--- DATASET CONTENT Enclosed Below ---

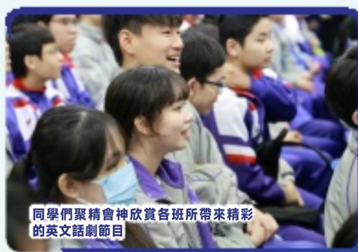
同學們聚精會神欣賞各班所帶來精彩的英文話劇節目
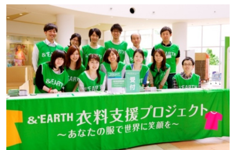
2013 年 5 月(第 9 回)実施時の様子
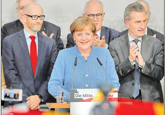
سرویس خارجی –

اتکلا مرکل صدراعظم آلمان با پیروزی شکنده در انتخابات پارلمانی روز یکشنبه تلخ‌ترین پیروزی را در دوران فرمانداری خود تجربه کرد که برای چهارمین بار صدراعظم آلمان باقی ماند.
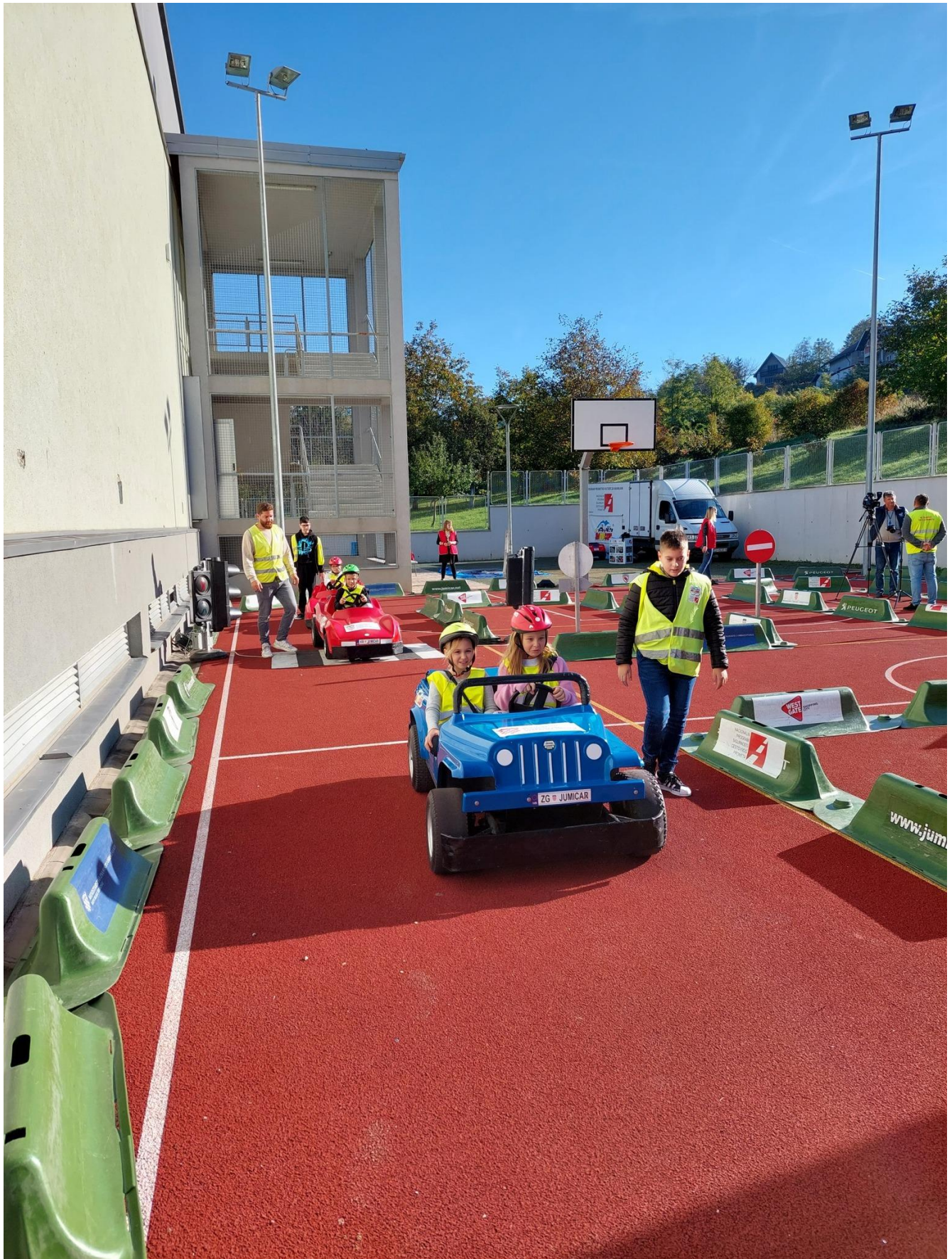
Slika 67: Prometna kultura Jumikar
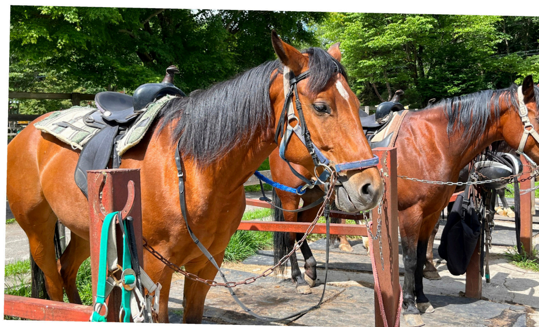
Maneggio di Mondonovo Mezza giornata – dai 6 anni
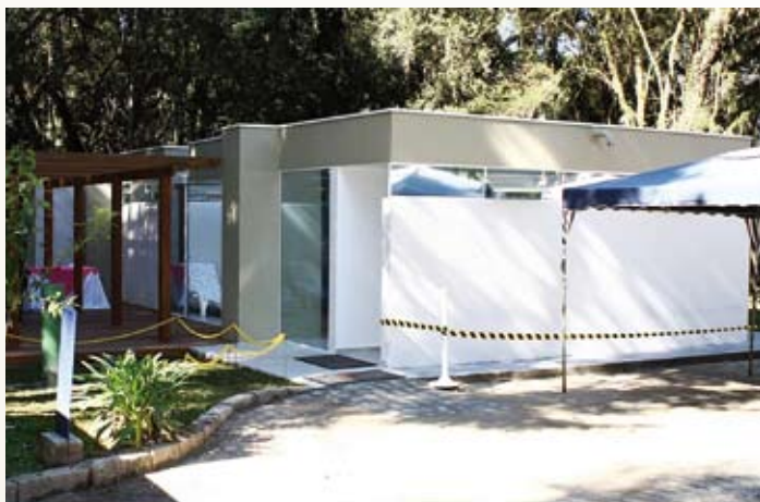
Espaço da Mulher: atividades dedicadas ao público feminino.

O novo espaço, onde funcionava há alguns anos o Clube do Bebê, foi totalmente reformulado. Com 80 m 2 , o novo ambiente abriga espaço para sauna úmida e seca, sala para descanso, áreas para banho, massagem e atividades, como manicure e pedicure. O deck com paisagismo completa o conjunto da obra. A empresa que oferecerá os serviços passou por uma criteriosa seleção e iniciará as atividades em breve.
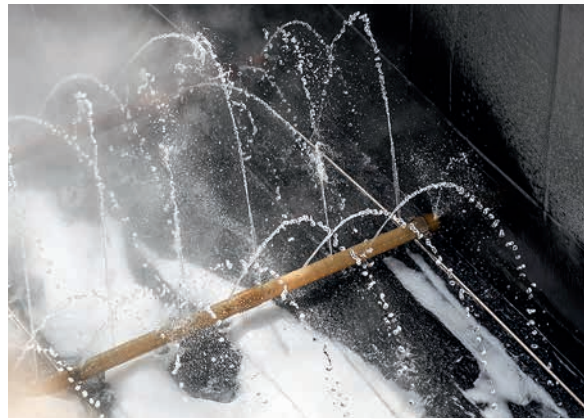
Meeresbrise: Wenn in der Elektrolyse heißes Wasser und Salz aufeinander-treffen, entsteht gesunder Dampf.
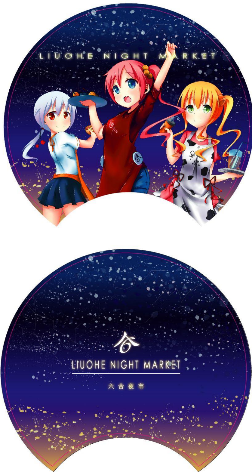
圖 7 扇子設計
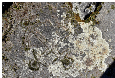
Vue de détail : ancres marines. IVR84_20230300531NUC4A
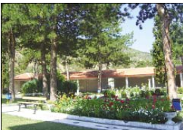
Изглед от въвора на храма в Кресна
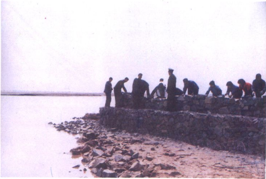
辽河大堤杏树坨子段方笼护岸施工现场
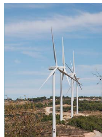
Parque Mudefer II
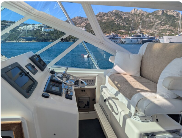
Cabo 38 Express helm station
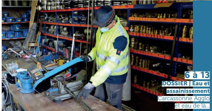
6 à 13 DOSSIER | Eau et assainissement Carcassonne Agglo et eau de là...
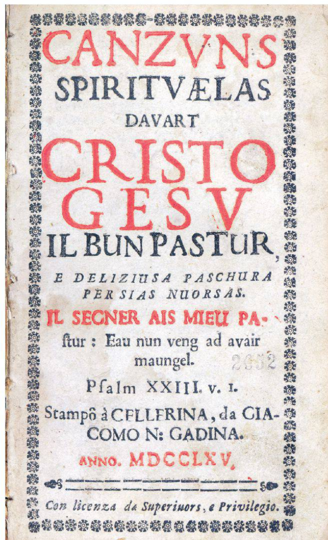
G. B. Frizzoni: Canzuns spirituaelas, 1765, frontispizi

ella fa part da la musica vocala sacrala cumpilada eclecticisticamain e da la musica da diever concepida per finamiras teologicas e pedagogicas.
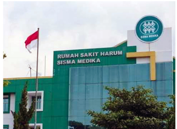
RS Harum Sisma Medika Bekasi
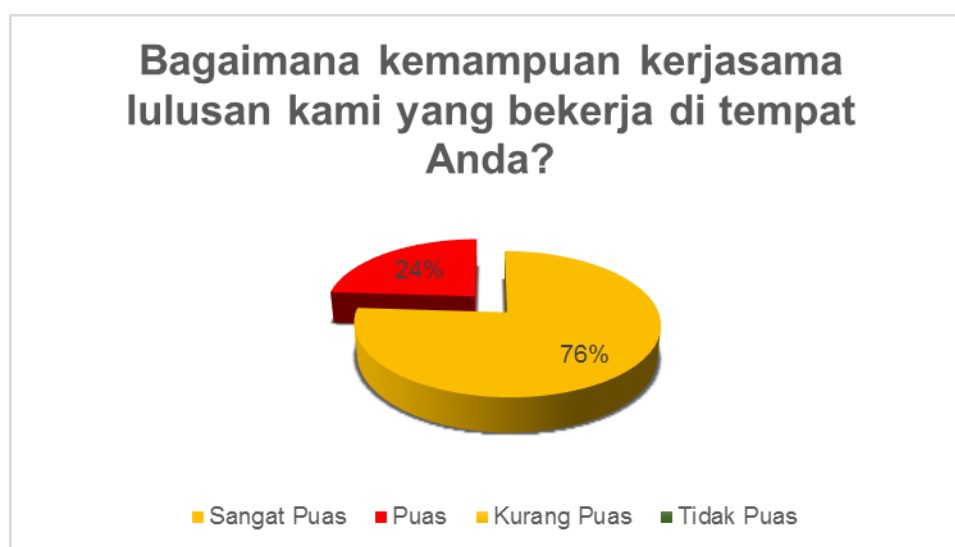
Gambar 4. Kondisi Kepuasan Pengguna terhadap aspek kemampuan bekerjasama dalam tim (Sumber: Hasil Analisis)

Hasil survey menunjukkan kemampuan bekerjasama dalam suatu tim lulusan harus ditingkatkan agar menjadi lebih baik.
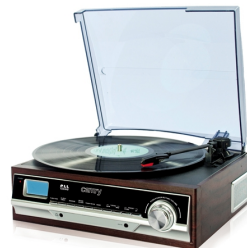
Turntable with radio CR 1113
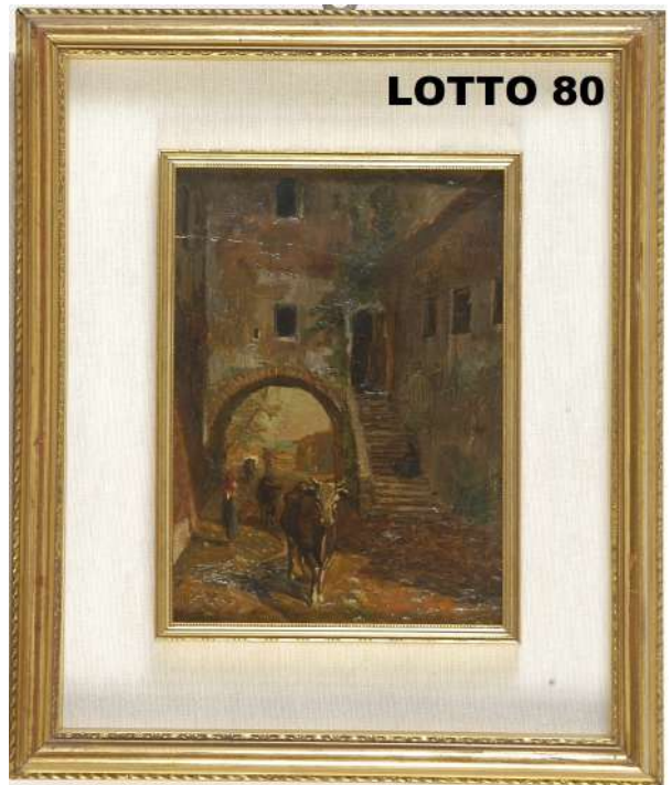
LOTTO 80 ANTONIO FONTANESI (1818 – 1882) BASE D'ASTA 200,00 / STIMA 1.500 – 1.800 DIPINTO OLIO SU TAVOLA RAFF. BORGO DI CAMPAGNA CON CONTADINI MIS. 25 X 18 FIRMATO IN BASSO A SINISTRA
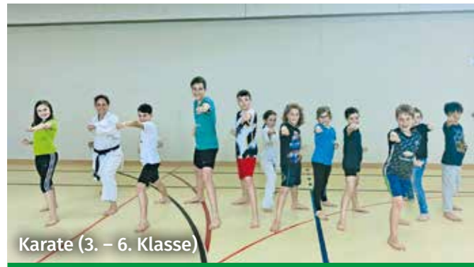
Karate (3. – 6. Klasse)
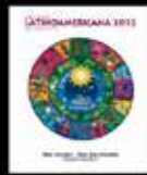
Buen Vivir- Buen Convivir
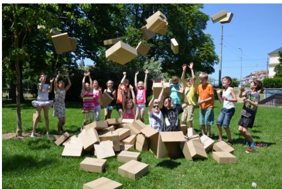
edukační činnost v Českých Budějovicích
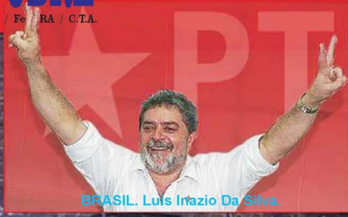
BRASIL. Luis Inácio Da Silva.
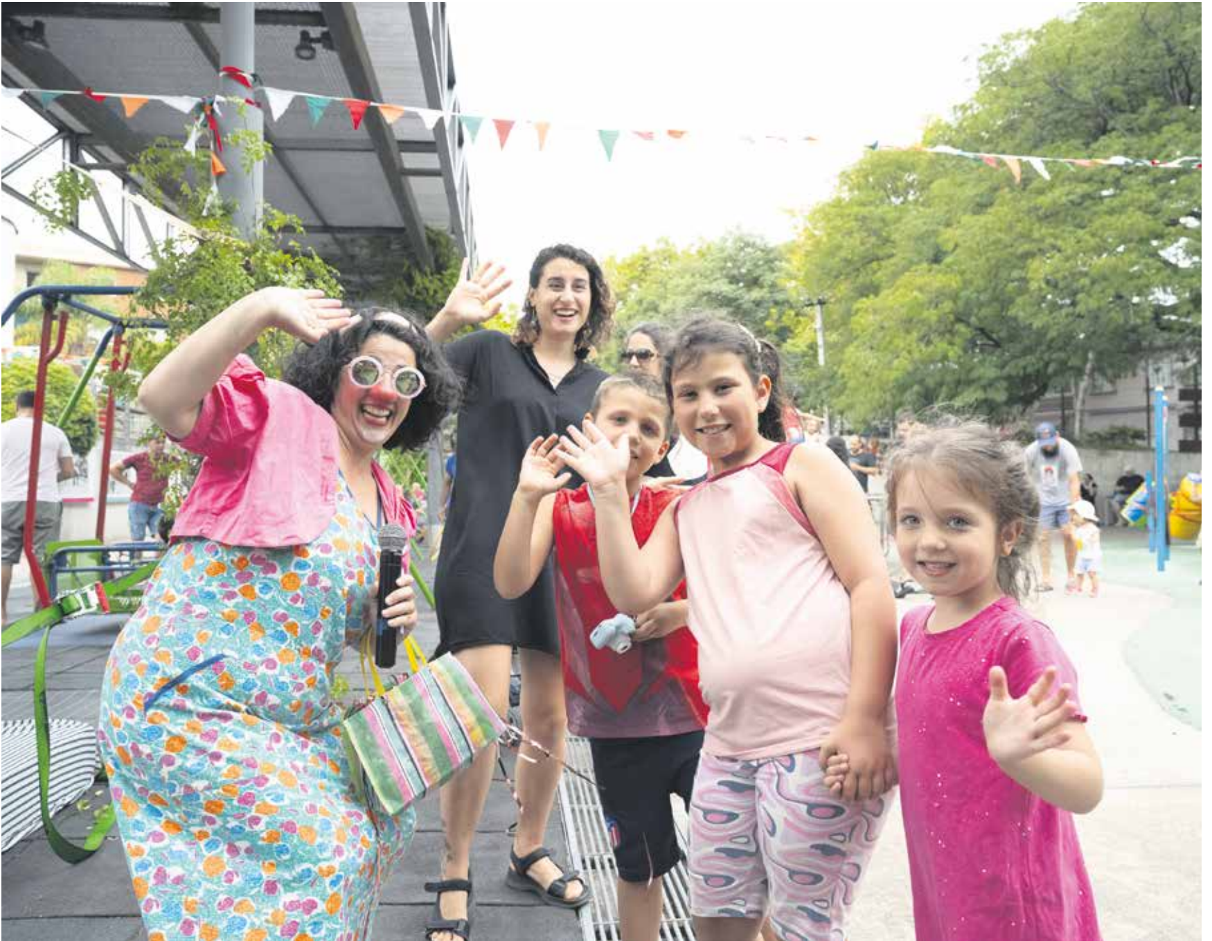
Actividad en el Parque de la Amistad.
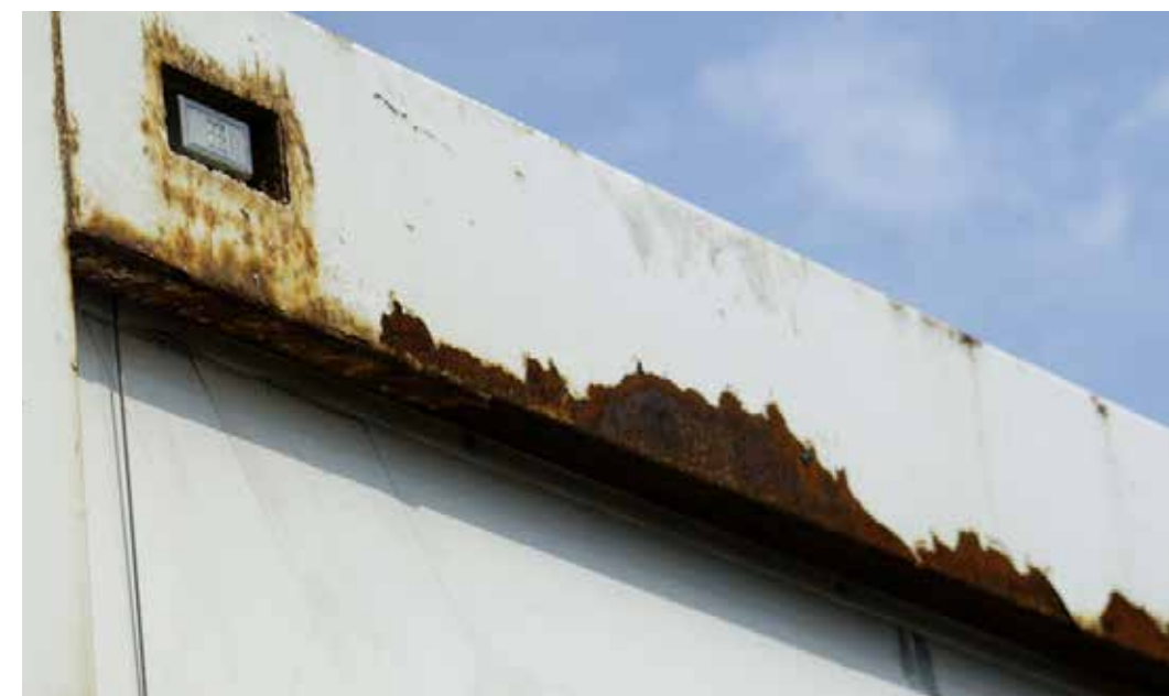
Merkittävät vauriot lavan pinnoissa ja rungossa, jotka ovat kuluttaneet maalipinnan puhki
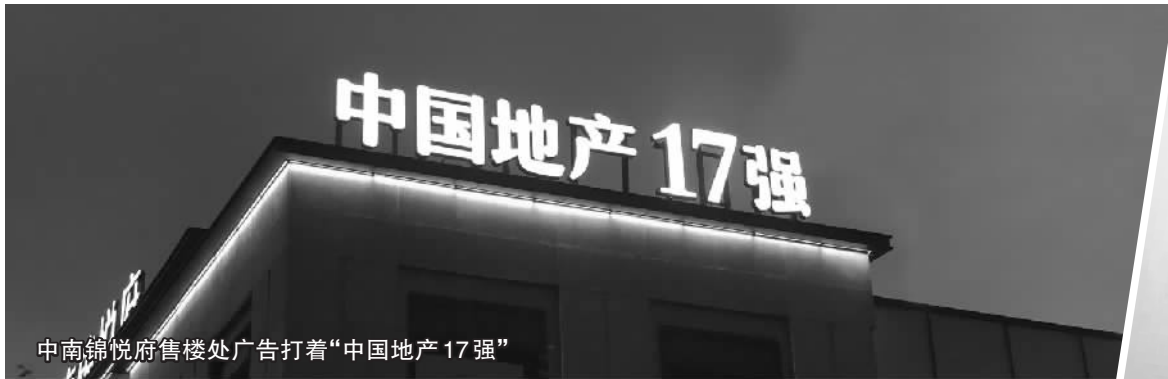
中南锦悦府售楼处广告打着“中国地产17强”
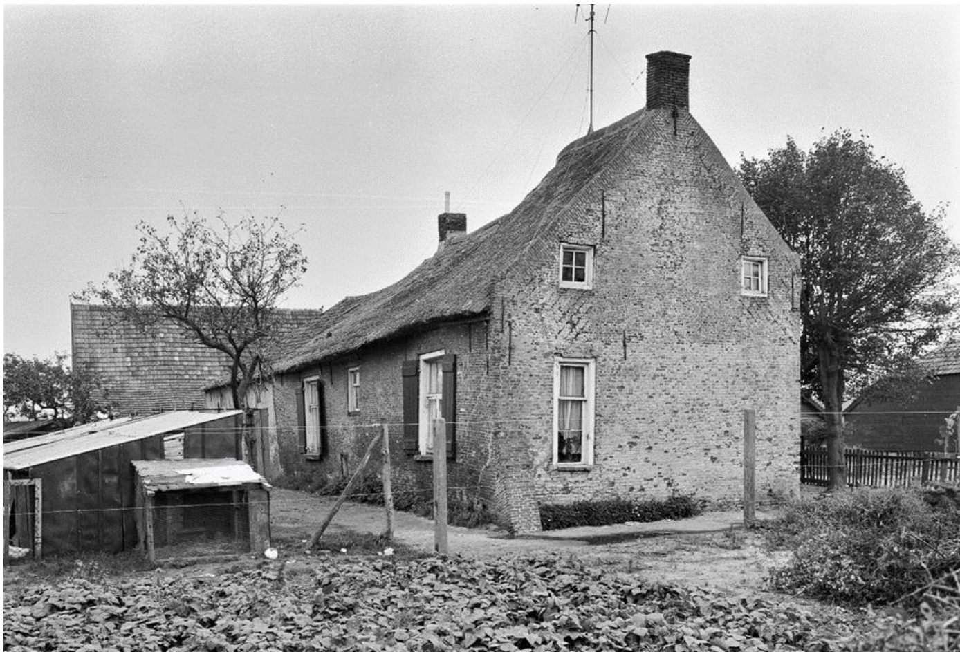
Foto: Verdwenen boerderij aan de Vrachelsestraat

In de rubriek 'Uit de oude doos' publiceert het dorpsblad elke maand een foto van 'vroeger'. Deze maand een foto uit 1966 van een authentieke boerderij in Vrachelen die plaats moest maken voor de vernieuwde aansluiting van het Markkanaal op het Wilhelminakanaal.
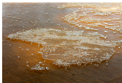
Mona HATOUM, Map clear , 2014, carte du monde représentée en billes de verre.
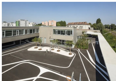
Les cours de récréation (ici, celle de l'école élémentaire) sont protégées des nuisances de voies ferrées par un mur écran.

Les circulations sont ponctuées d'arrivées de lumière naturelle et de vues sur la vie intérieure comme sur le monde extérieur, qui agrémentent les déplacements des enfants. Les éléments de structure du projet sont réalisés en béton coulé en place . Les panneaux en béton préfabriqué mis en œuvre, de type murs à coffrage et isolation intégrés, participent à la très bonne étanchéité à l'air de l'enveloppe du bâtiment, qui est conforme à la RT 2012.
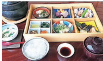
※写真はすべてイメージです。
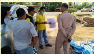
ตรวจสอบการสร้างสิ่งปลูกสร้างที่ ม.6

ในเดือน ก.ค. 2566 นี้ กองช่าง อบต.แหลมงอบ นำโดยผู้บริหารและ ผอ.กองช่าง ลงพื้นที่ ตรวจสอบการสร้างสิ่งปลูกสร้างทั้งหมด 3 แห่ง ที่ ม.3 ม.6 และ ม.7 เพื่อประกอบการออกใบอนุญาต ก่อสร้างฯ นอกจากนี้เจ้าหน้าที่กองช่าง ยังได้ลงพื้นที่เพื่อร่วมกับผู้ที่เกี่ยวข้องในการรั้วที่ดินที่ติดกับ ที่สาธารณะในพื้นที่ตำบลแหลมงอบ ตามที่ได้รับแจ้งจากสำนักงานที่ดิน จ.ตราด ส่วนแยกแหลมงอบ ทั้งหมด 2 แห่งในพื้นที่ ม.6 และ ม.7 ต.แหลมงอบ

--- End of Enclosed DATASET CONTENT ---

▶ [TASK TO COMPLETE]
Copy only the lines above from the one containing "Maneggio di Mondonovo" through the one containing "Espaço da Mulher: atividades", both included. Leave out the pictures.

▶ [EXERCISE RESPONSE]
Maneggio di Mondonovo Mezza giornata – dai 6 anni
Espaço da Mulher: atividades dedicadas ao público feminino.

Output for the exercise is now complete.